## Exercise prompt
Repeat the records below exactly. Omit the pictures.

=== Begin Enclosure ===

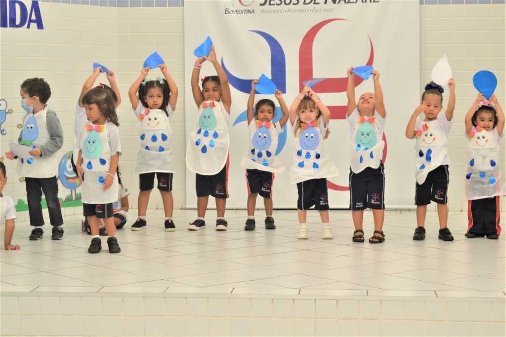 Em comemoração ao Dia Mundial da Água, as crianças da Ed. Infantil demonstraram de forma lúdica a importância da água para a vida e suas diversas utilidades.
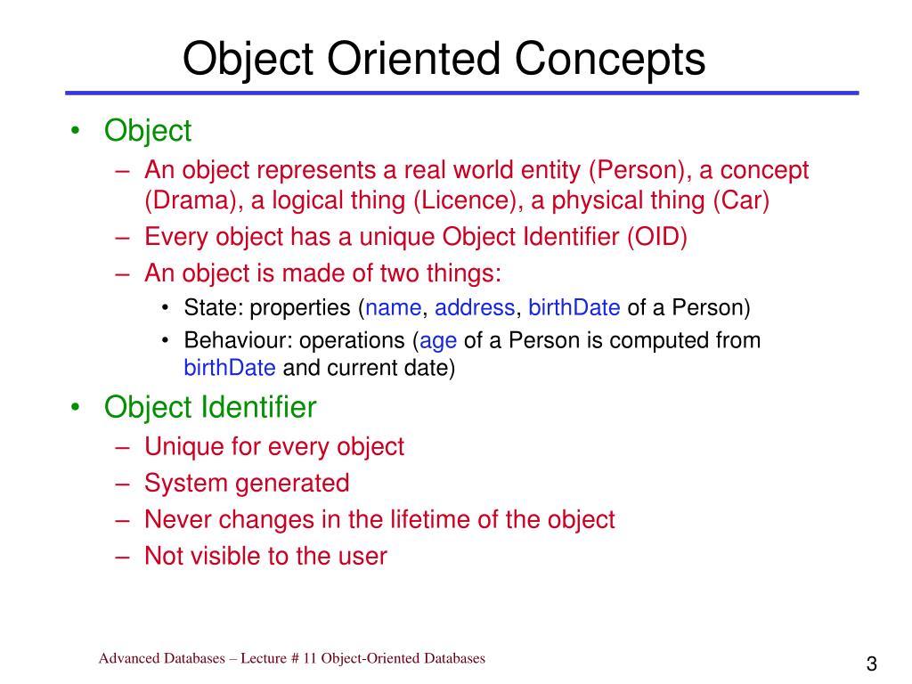 Object Oriented Concepts • Object • An object represents a real world entity (Person), a concept (Drama), a logical thing (Licence), a physical thing (Car) • Every object has a unique Object Identifier (OID) • An object is made of two things: • State: properties (name, address, birthDate of a Person) • Behaviour: operations (age of a Person is computed from birthDate and current date) • Object Identifier • Unique for every object • System generated • Never changes in the lifetime of the object • Not visible to the user
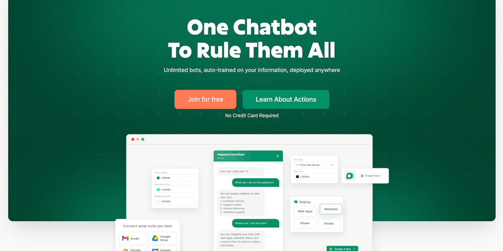Happyml allows users to deploy an unlimited number of fine-tuned chatbots that can be used for customer service, help desk, support center, guest services, HR, training, and consulting among other thi
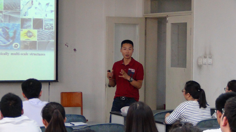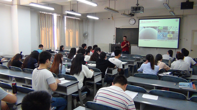 的工作经验,介绍了利用飞秒级设备制造纳米微米结构的科学研究,李教授结合大自然与已有的科学知识,将蝴蝶翅膀、荷叶、昆虫复眼等生物独有的特性应用到激光微纳中,得出了一些具有重大意义的成果,同时李教授展望了该项研究的工程应用和环保应用。陈烽教授对于老师和同学们提出的问题,进行了详细的解答。最后,由18XXX
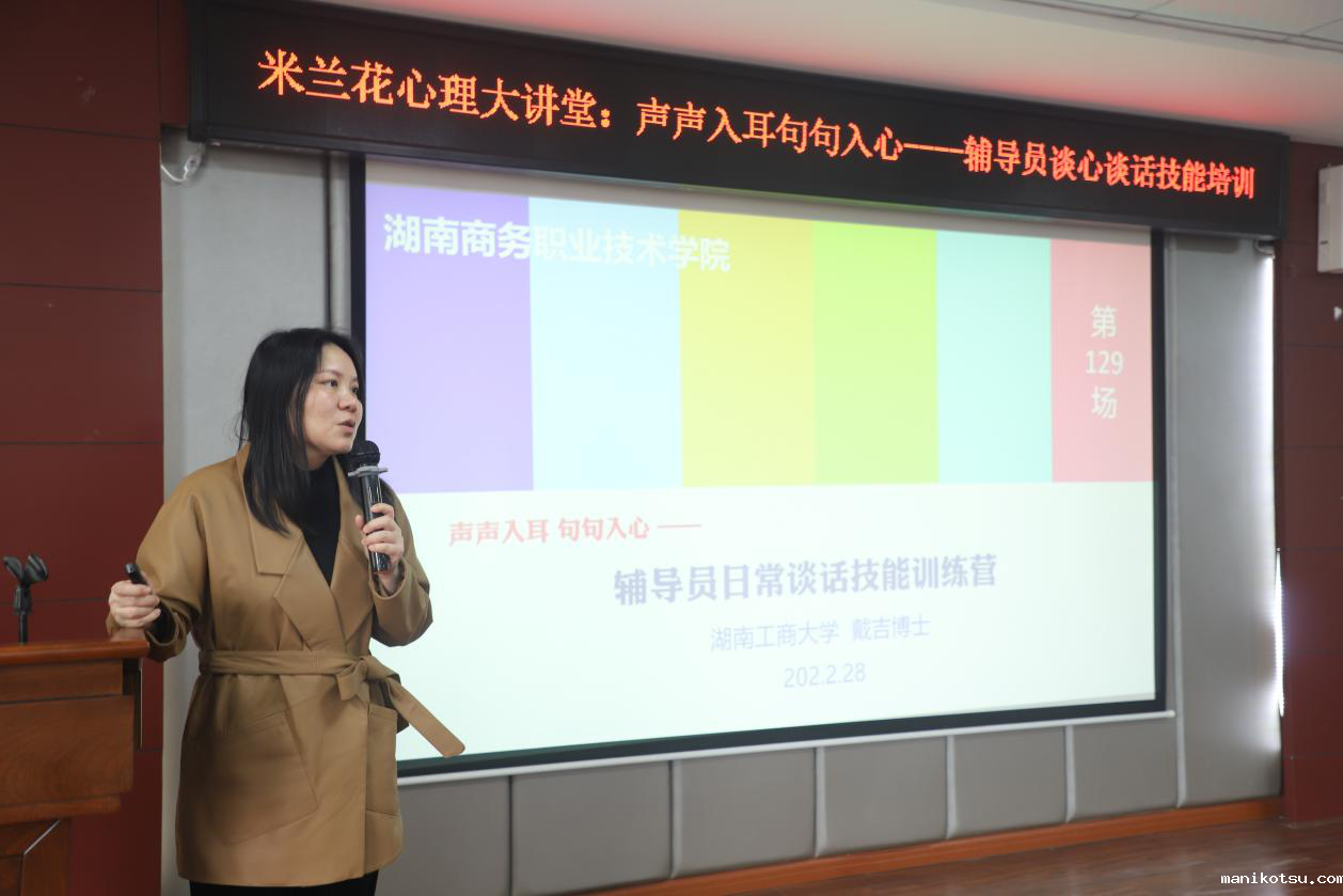 为提升辅导员队伍专业素质和业务能力,推动辅导员队伍专业化、职业化发展,2023年2月28日下午,韦德com米兰花心理大讲堂特邀湖南工商大学心理中心主任戴吉老师在二教201开展了以“声声入耳,句句入心——辅导员谈心谈话技能培训”为主题的讲座,学生工作部杨明部长参加此次讲座。

=== End Enclosure ===

## Completed task
 Em comemoração ao Dia Mundial da Água, as crianças da Ed. Infantil demonstraram de forma lúdica a importância da água para a vida e suas diversas utilidades.
 Object Oriented Concepts • Object • An object represents a real world entity (Person), a concept (Drama), a logical thing (Licence), a physical thing (Car) • Every object has a unique Object Identifier (OID) • An object is made of two things: • State: properties (name, address, birthDate of a Person) • Behaviour: operations (age of a Person is computed from birthDate and current date) • Object Identifier • Unique for every object • System generated • Never changes in the lifetime of the object • Not visible to the user
Happyml allows users to deploy an unlimited number of fine-tuned chatbots that can be used for customer service, help desk, support center, guest services, HR, training, and consulting among other thi
 的工作经验,介绍了利用飞秒级设备制造纳米微米结构的科学研究,李教授结合大自然与已有的科学知识,将蝴蝶翅膀、荷叶、昆虫复眼等生物独有的特性应用到激光微纳中,得出了一些具有重大意义的成果,同时李教授展望了该项研究的工程应用和环保应用。陈烽教授对于老师和同学们提出的问题,进行了详细的解答。最后,由18XXX
 为提升辅导员队伍专业素质和业务能力,推动辅导员队伍专业化、职业化发展,2023年2月28日下午,韦德com米兰花心理大讲堂特邀湖南工商大学心理中心主任戴吉老师在二教201开展了以“声声入耳,句句入心——辅导员谈心谈话技能培训”为主题的讲座,学生工作部杨明部长参加此次讲座。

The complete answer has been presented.